■ **TASK TO CARRY OUT**:
Print all of the data exactly, but drop the pictures.

*** DATA TO EXAMINE ***

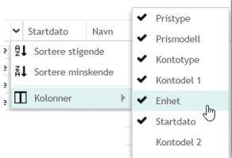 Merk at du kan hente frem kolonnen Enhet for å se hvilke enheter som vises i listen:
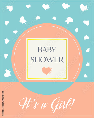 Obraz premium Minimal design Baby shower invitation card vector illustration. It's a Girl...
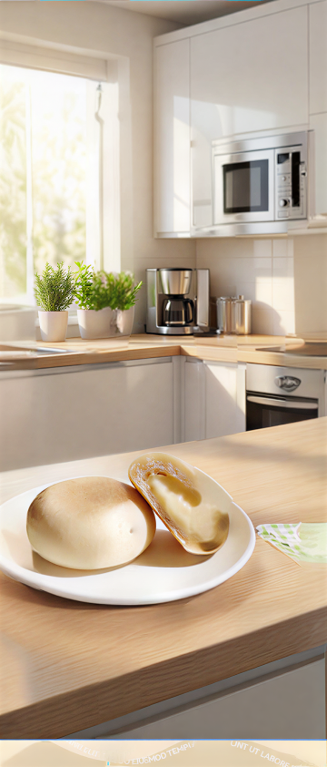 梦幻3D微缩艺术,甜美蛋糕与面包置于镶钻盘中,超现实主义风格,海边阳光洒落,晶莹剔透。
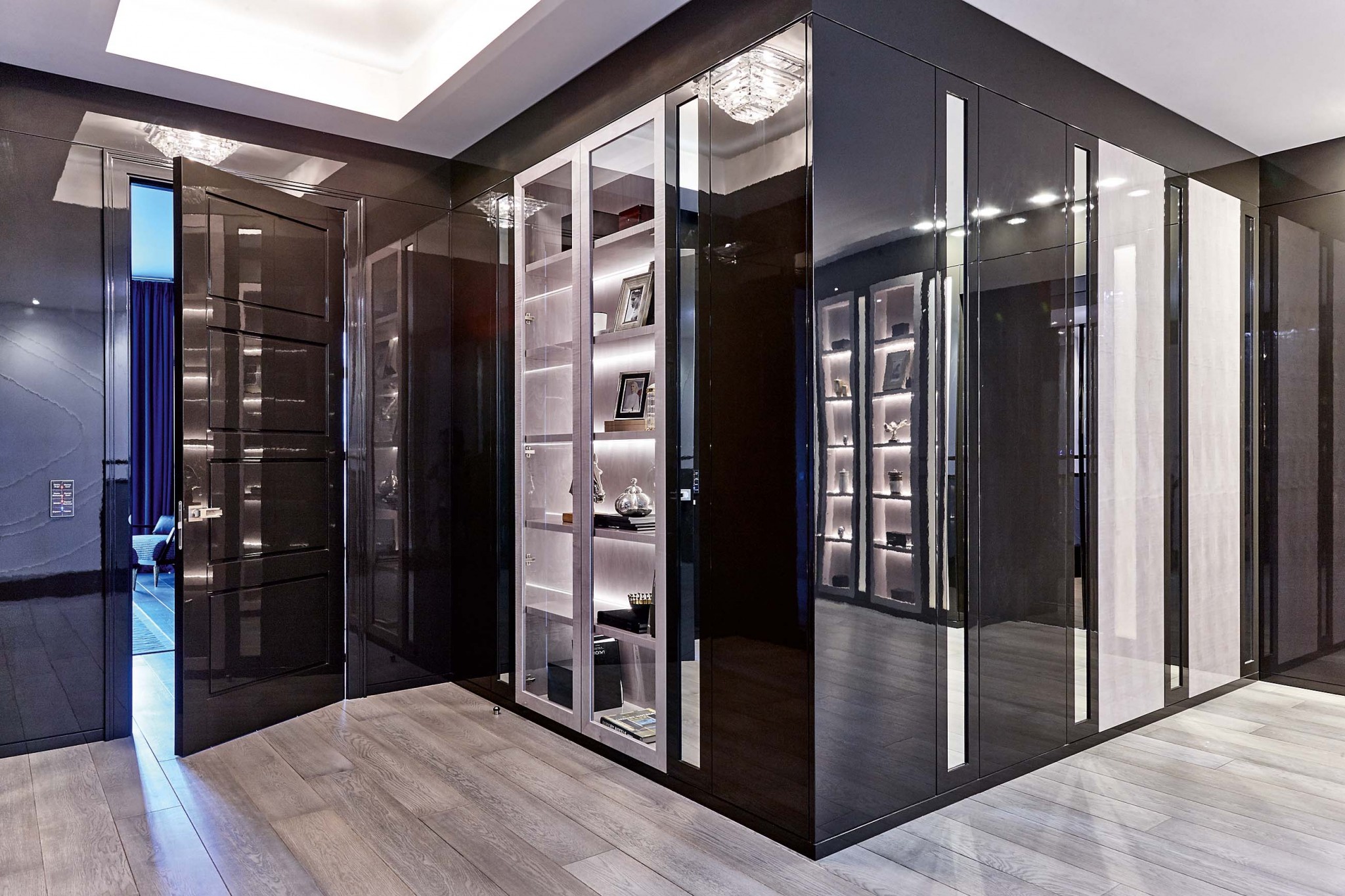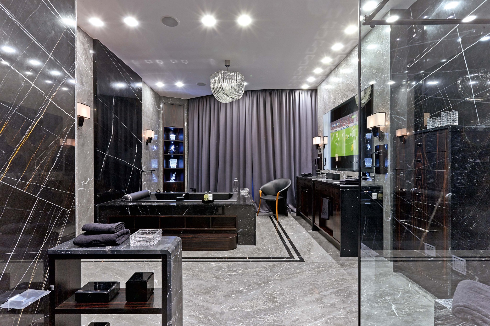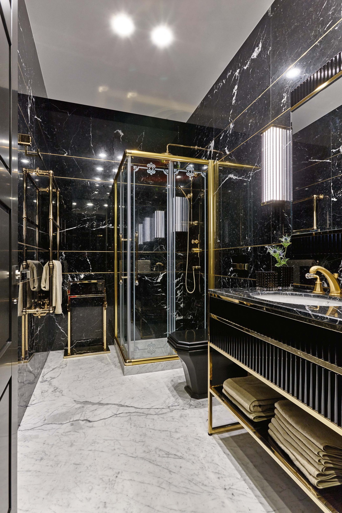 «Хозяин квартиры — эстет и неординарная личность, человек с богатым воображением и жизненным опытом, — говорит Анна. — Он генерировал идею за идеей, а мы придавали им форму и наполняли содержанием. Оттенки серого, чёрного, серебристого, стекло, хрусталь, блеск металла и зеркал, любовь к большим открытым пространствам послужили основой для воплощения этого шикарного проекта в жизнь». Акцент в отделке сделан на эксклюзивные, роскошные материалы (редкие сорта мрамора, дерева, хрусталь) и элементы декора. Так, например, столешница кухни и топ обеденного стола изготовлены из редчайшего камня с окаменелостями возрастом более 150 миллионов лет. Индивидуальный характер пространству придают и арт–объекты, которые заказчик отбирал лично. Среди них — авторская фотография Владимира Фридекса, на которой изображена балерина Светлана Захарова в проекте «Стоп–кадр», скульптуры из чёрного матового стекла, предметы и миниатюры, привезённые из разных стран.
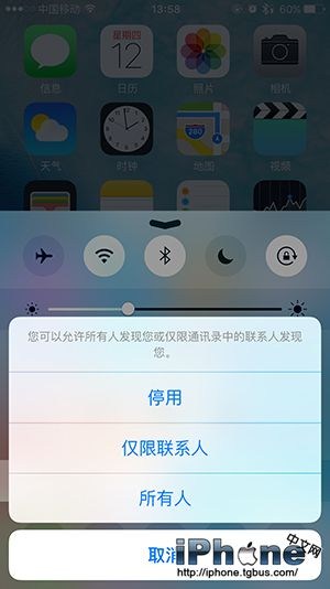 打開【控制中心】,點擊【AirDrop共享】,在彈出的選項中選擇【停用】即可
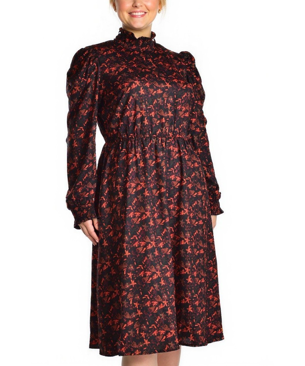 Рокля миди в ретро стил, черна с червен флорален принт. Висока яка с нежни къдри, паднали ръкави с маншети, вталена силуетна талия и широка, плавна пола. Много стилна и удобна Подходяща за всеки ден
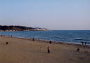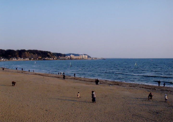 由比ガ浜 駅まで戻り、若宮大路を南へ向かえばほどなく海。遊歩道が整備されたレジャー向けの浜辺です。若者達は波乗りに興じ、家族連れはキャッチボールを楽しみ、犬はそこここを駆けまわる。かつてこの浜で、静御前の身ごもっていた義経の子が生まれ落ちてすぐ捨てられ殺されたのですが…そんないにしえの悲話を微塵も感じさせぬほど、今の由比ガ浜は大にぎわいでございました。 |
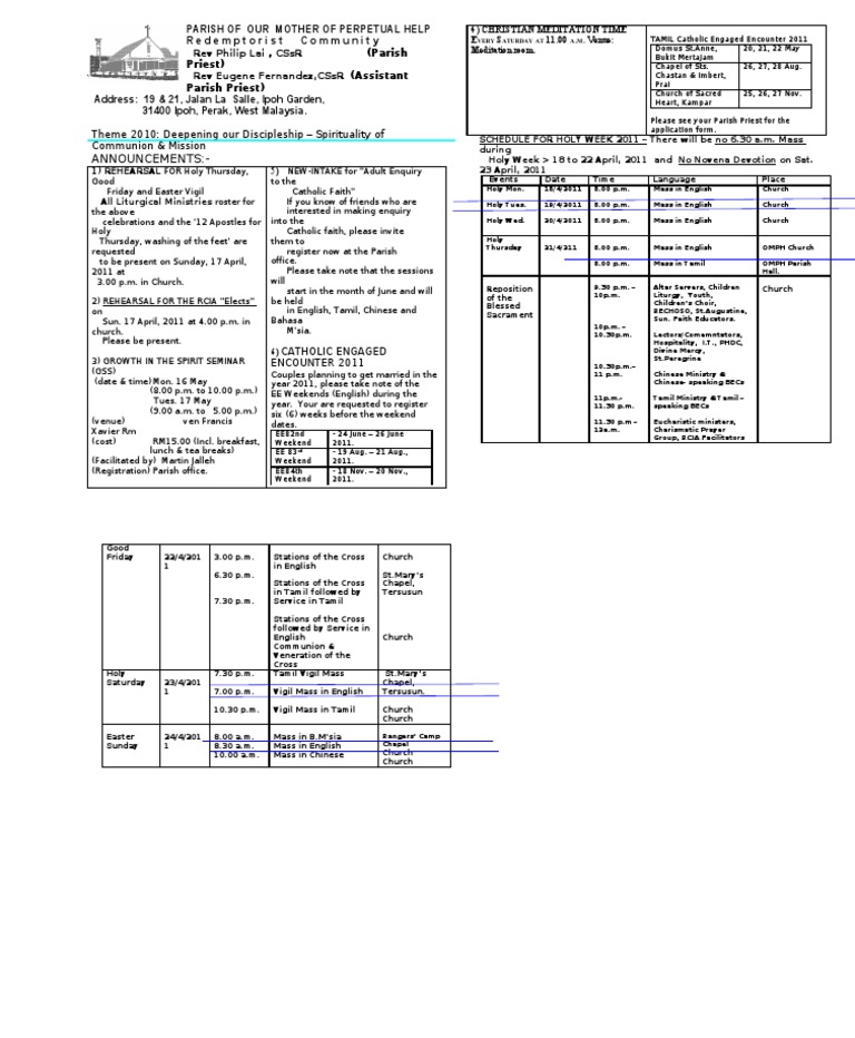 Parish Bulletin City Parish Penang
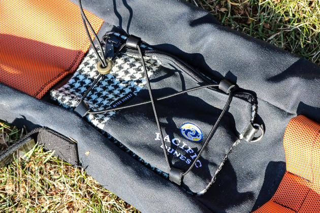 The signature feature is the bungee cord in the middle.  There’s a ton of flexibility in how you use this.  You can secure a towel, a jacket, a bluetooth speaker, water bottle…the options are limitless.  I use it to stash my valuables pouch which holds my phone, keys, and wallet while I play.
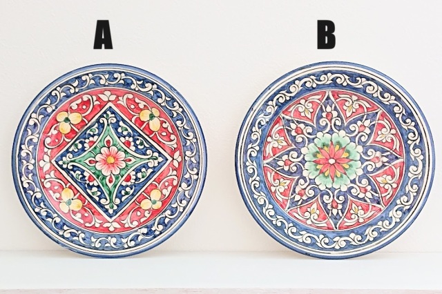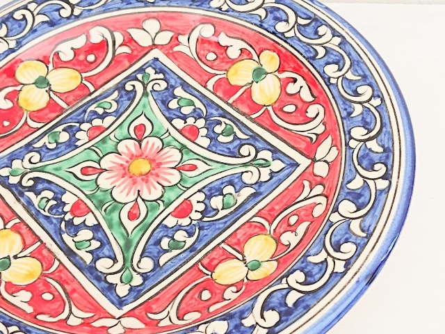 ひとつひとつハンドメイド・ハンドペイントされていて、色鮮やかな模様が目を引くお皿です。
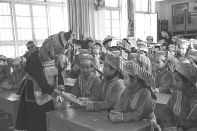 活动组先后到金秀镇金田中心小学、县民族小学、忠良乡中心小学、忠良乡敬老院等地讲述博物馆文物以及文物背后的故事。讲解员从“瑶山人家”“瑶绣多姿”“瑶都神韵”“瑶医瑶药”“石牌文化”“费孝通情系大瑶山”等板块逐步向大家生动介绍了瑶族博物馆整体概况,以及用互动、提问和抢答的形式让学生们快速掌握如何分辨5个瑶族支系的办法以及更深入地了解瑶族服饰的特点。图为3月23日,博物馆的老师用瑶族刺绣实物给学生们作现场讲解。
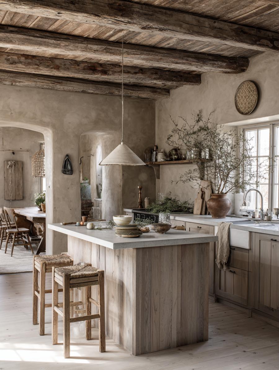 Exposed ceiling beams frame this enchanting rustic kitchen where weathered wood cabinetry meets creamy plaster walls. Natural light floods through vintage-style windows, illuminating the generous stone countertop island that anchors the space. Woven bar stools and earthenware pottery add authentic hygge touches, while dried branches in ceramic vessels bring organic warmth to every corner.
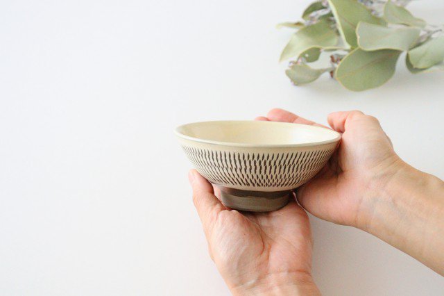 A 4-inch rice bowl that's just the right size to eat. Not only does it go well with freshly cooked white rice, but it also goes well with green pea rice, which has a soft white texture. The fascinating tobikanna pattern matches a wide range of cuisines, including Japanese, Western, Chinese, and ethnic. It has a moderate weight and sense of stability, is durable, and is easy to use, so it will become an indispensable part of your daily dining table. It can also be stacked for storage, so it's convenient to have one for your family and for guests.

***

■ **ANSWER FOR THE TASK**:
 Merk at du kan hente frem kolonnen Enhet for å se hvilke enheter som vises i listen:
 Obraz premium Minimal design Baby shower invitation card vector illustration. It's a Girl...
 梦幻3D微缩艺术,甜美蛋糕与面包置于镶钻盘中,超现实主义风格,海边阳光洒落,晶莹剔透。
 «Хозяин квартиры — эстет и неординарная личность, человек с богатым воображением и жизненным опытом, — говорит Анна. — Он генерировал идею за идеей, а мы придавали им форму и наполняли содержанием. Оттенки серого, чёрного, серебристого, стекло, хрусталь, блеск металла и зеркал, любовь к большим открытым пространствам послужили основой для воплощения этого шикарного проекта в жизнь». Акцент в отделке сделан на эксклюзивные, роскошные материалы (редкие сорта мрамора, дерева, хрусталь) и элементы декора. Так, например, столешница кухни и топ обеденного стола изготовлены из редчайшего камня с окаменелостями возрастом более 150 миллионов лет. Индивидуальный характер пространству придают и арт–объекты, которые заказчик отбирал лично. Среди них — авторская фотография Владимира Фридекса, на которой изображена балерина Светлана Захарова в проекте «Стоп–кадр», скульптуры из чёрного матового стекла, предметы и миниатюры, привезённые из разных стран.
 打開【控制中心】,點擊【AirDrop共享】,在彈出的選項中選擇【停用】即可
 Рокля миди в ретро стил, черна с червен флорален принт. Висока яка с нежни къдри, паднали ръкави с маншети, вталена силуетна талия и широка, плавна пола. Много стилна и удобна Подходяща за всеки ден
 由比ガ浜 駅まで戻り、若宮大路を南へ向かえばほどなく海。遊歩道が整備されたレジャー向けの浜辺です。若者達は波乗りに興じ、家族連れはキャッチボールを楽しみ、犬はそこここを駆けまわる。かつてこの浜で、静御前の身ごもっていた義経の子が生まれ落ちてすぐ捨てられ殺されたのですが…そんないにしえの悲話を微塵も感じさせぬほど、今の由比ガ浜は大にぎわいでございました。 |
 Parish Bulletin City Parish Penang
 The signature feature is the bungee cord in the middle.  There’s a ton of flexibility in how you use this.  You can secure a towel, a jacket, a bluetooth speaker, water bottle…the options are limitless.  I use it to stash my valuables pouch which holds my phone, keys, and wallet while I play.
 ひとつひとつハンドメイド・ハンドペイントされていて、色鮮やかな模様が目を引くお皿です。
 活动组先后到金秀镇金田中心小学、县民族小学、忠良乡中心小学、忠良乡敬老院等地讲述博物馆文物以及文物背后的故事。讲解员从“瑶山人家”“瑶绣多姿”“瑶都神韵”“瑶医瑶药”“石牌文化”“费孝通情系大瑶山”等板块逐步向大家生动介绍了瑶族博物馆整体概况,以及用互动、提问和抢答的形式让学生们快速掌握如何分辨5个瑶族支系的办法以及更深入地了解瑶族服饰的特点。图为3月23日,博物馆的老师用瑶族刺绣实物给学生们作现场讲解。
 Exposed ceiling beams frame this enchanting rustic kitchen where weathered wood cabinetry meets creamy plaster walls. Natural light floods through vintage-style windows, illuminating the generous stone countertop island that anchors the space. Woven bar stools and earthenware pottery add authentic hygge touches, while dried branches in ceramic vessels bring organic warmth to every corner.
 A 4-inch rice bowl that's just the right size to eat. Not only does it go well with freshly cooked white rice, but it also goes well with green pea rice, which has a soft white texture. The fascinating tobikanna pattern matches a wide range of cuisines, including Japanese, Western, Chinese, and ethnic. It has a moderate weight and sense of stability, is durable, and is easy to use, so it will become an indispensable part of your daily dining table. It can also be stacked for storage, so it's convenient to have one for your family and for guests.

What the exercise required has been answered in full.